La recompensa de la generosidad
Cierta vez Spurgeon fue a Bristol para predicar en las tres mayores iglesias bautistas de la ciudad. Esperaba recaudar trescientas libras, que él necesitaba de inmediato para su Orfanato. Consiguió el dinero. En el momento de acostarse en la última noche de su visita, oyó una voz, la cual, para él, era la voz del Señor, diciendo: “Da esas trescientas libras a George Müller”. “Pero, Señor –respondió Spurgeon– yo necesito de ellas para mis queridos niños en Londres”. Otra vez vino la palabra: “Da esas trescientas libras a George Müller.” Y sólo cuando él dijo: “Sí, Señor, lo haré”, que le vino el sueño. A la mañana siguiente, se dirigió a los Orfanatos de Müller, y encontró a George Müller arrodillado ante una Biblia abierta, orando. El famoso predicador colocó la mano en su hombro y le dijo: “George, el Señor me mandó entregarle estas trescientas libras”. “Oh, apreciado Spurgeon – dijo Müller – tengo pedido al Señor esa exacta cantidad”. Y aquellos dos hombres de oración, se regocijaron juntos. Spurgeon volvió a Londres. Sobre su escritorio una carta lo esperaba; la abrió: contenía trescientas guineas. “Ahí está –exclamó con alegría– el Señor me devolvió mis trescientas libras con un interés de trescientos chelines.” Nota: La libra equivalía a 20 chelines, en cambio, la guinea, a 21 chelines.
À Maturidade, Nº 9, 1981.
Un ángel al órgano
El hermano Andrés, en su libro El contrabandista de Dios, cuenta acerca de Bastián, el mayor de todos sus hermanos, que jamás aprendió a hablar, ni a vestirse por sí solo. Pasaba todo el día sentado bajo un gran árbol, viendo pasar a la gente del pueblo. Sin embargo, tenía un talento extraordinario. El padre solía tocar por las noches su pequeño y destartalado órgano de manubrio, mientras la familia le acompañaba con el canto de conocidos himnos. Bastián no podía cantar, pero se acurrucaba, embelesado, debajo del teclado, apretujándose contra la pedalera, sintiendo cada sonido en la vibrante madera.
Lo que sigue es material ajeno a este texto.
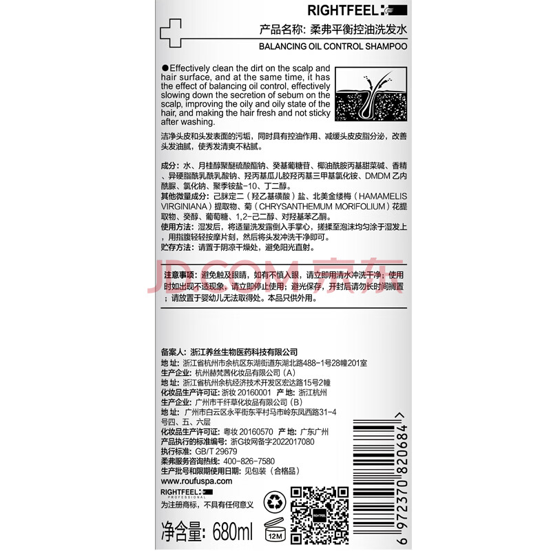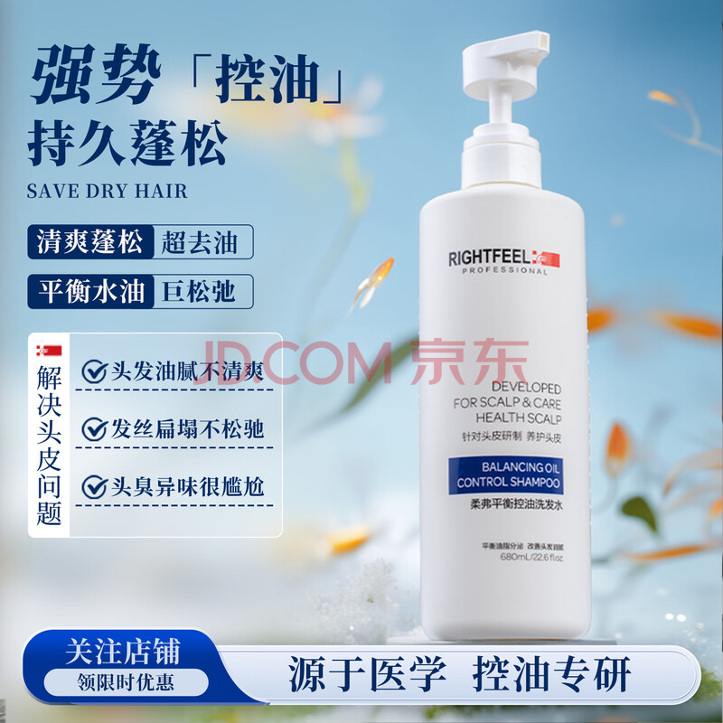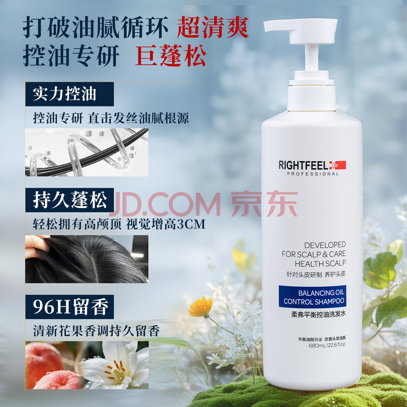 商品相册:柔弗(RIGHTFEEL)平衡控油洗发水680ml无硅油持久去油清爽蓬松植物清香洗发露第
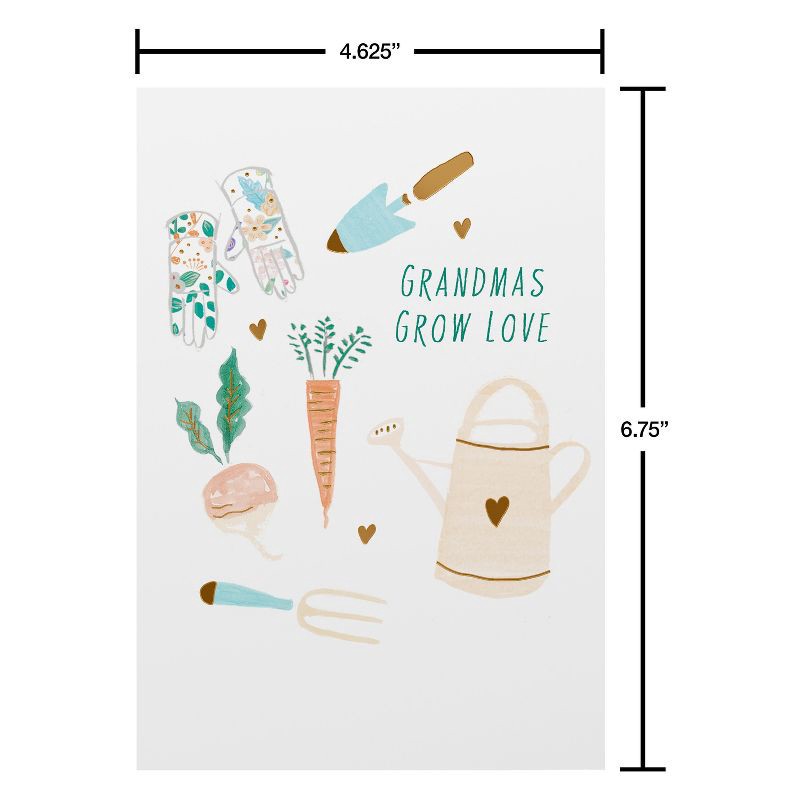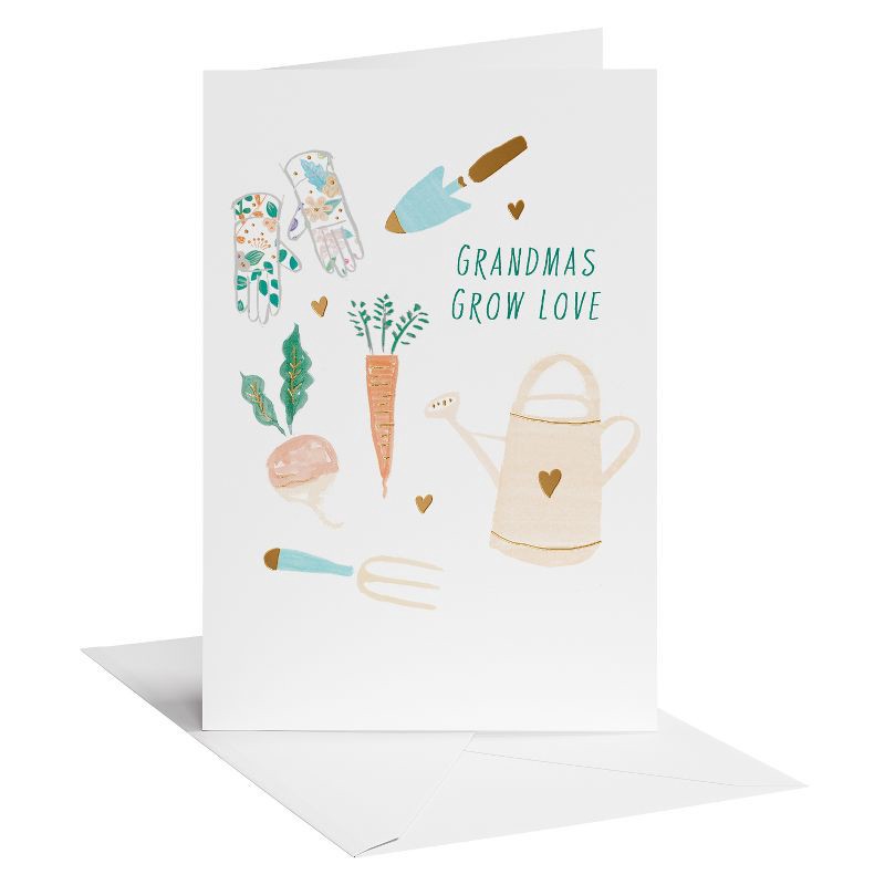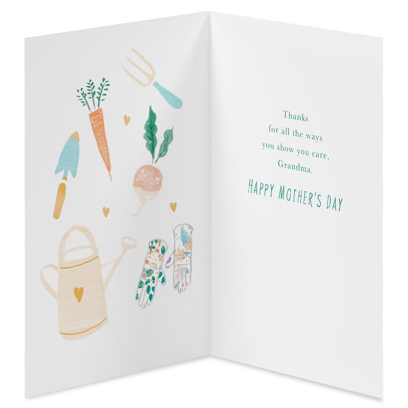 - DESIGN & FINISHINGS: This Mother's Day card beautifully showcases watercolor gardening icons from carrots to watering cans, each element lovingly painted to symbolize a grandmother's nurturing love.

De pronto, se ponía de pie, y hacía gestos a su padre para que le dejara el lugar.Entonces se acomodaba, hacía las veces que leía en el Himnario (aunque casi siempre le quedaba al revés), y, desde el primero hasta el último, tocaba todos los himnos que su padre había tocado, pero no como él, cometiendo un error tras otro, sino a la perfección, con un algo maravilloso, que la gente que pasaba por la calle se paraba a escuchar. En las noches de verano, cuando dejaban la puerta abierta, se juntaba un grupo afuera y a muchos de ellos se les caían las lágrimas, porque cuando Bastián tocaba, era como si un ángel se hubiera sentado al órgano.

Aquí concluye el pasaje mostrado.